+++ Available data
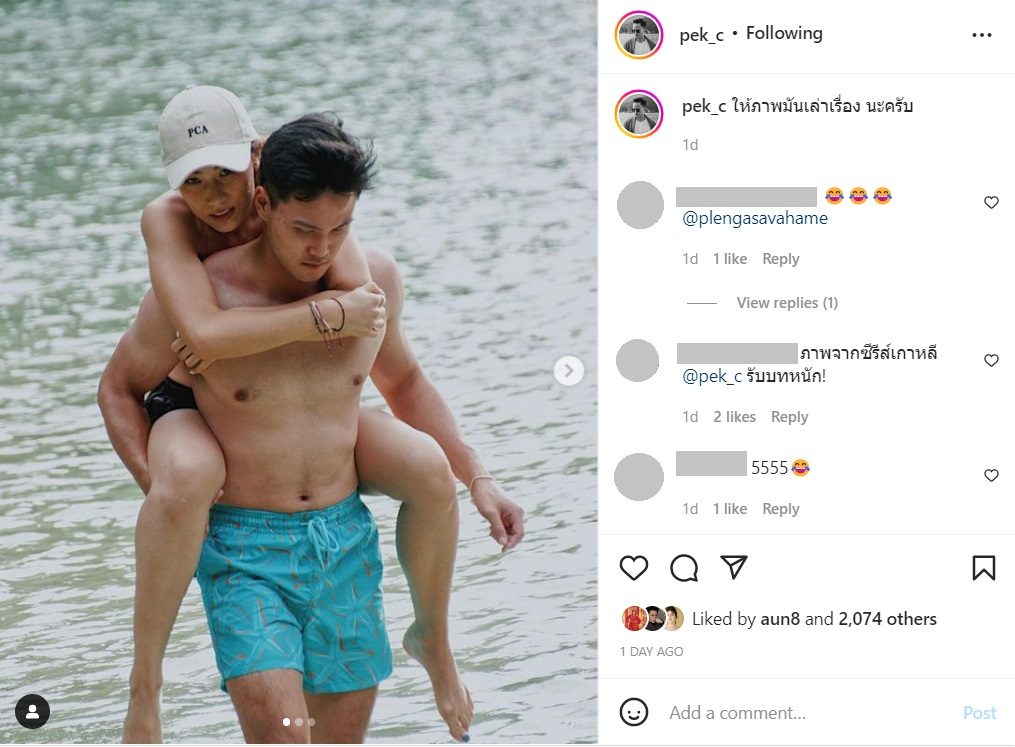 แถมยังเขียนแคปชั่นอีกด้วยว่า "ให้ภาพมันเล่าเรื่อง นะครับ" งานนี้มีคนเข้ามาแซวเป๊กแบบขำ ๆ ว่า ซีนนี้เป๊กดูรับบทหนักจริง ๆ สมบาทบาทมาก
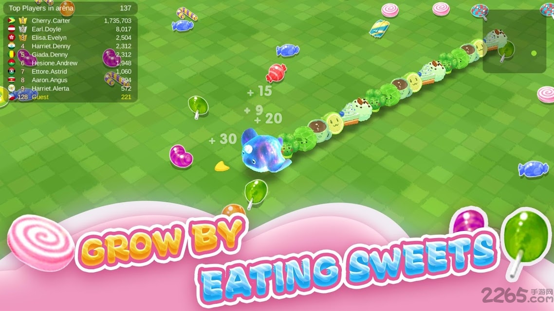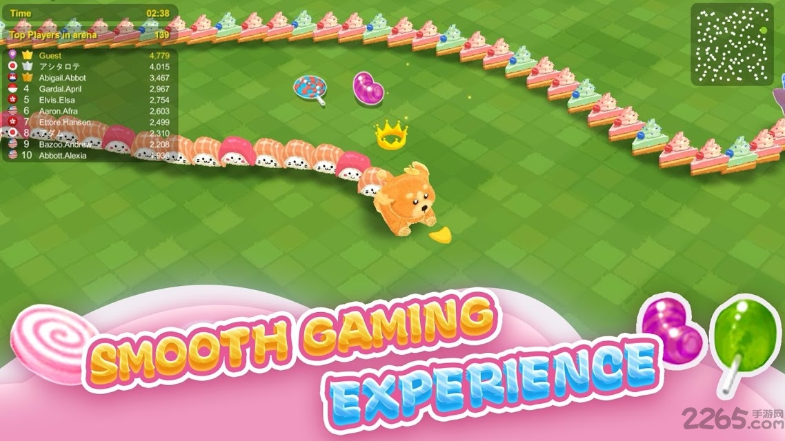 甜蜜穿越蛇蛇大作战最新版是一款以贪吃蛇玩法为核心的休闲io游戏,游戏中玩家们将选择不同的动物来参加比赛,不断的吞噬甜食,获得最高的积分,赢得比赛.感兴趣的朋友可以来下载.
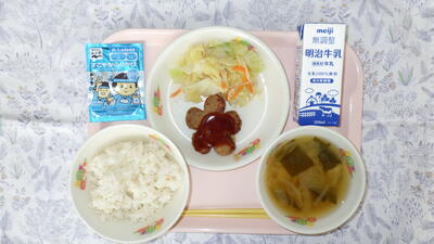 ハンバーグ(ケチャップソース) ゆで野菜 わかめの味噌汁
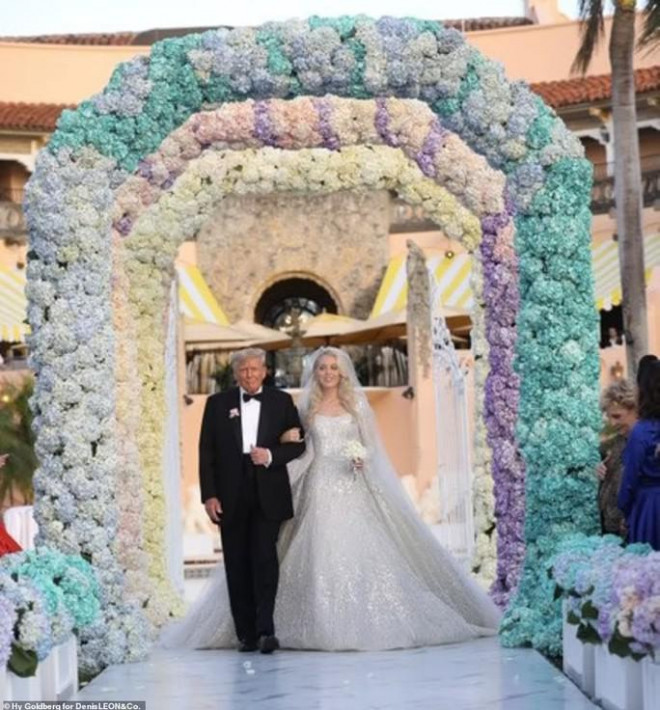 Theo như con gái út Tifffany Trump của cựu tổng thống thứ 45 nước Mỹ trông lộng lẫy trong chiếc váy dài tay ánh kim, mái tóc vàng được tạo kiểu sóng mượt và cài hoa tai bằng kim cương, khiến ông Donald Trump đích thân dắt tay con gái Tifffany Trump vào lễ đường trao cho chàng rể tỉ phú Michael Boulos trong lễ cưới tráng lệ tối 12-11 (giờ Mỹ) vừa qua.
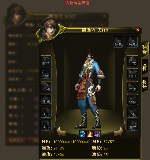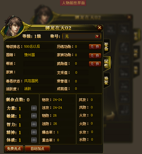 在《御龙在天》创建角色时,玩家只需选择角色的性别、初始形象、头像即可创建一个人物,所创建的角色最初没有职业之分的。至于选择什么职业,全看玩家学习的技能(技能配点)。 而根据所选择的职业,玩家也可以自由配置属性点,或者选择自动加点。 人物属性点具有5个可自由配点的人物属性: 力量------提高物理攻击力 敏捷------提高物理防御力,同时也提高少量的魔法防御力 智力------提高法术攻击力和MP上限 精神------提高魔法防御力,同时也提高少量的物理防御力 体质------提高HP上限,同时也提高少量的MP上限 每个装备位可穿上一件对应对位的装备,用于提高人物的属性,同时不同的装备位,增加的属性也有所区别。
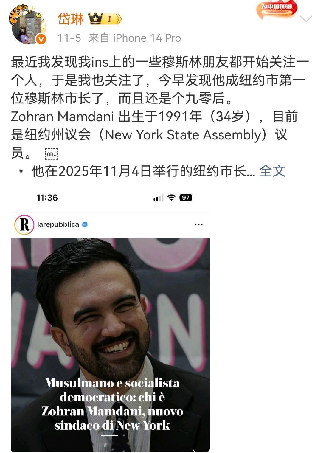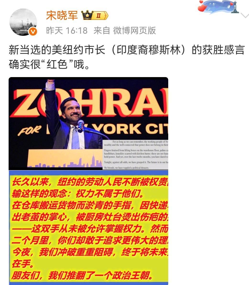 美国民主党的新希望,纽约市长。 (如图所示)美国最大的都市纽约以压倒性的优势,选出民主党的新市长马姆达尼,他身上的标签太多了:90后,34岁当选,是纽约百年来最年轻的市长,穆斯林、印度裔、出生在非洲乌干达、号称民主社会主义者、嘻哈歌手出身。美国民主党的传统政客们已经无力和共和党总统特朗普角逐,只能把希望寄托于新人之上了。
++++++
* _Work item_
Copy exactly, and copy nothing else: the lines from the start of the data above through the line that holds "ハンバーグ(ケチャップソース) ゆで野菜 わかめの味噌汁". The pictures stay out.

* _Response to this task_
 แถมยังเขียนแคปชั่นอีกด้วยว่า "ให้ภาพมันเล่าเรื่อง นะครับ" งานนี้มีคนเข้ามาแซวเป๊กแบบขำ ๆ ว่า ซีนนี้เป๊กดูรับบทหนักจริง ๆ สมบาทบาทมาก
 甜蜜穿越蛇蛇大作战最新版是一款以贪吃蛇玩法为核心的休闲io游戏,游戏中玩家们将选择不同的动物来参加比赛,不断的吞噬甜食,获得最高的积分,赢得比赛.感兴趣的朋友可以来下载.
 ハンバーグ(ケチャップソース) ゆで野菜 わかめの味噌汁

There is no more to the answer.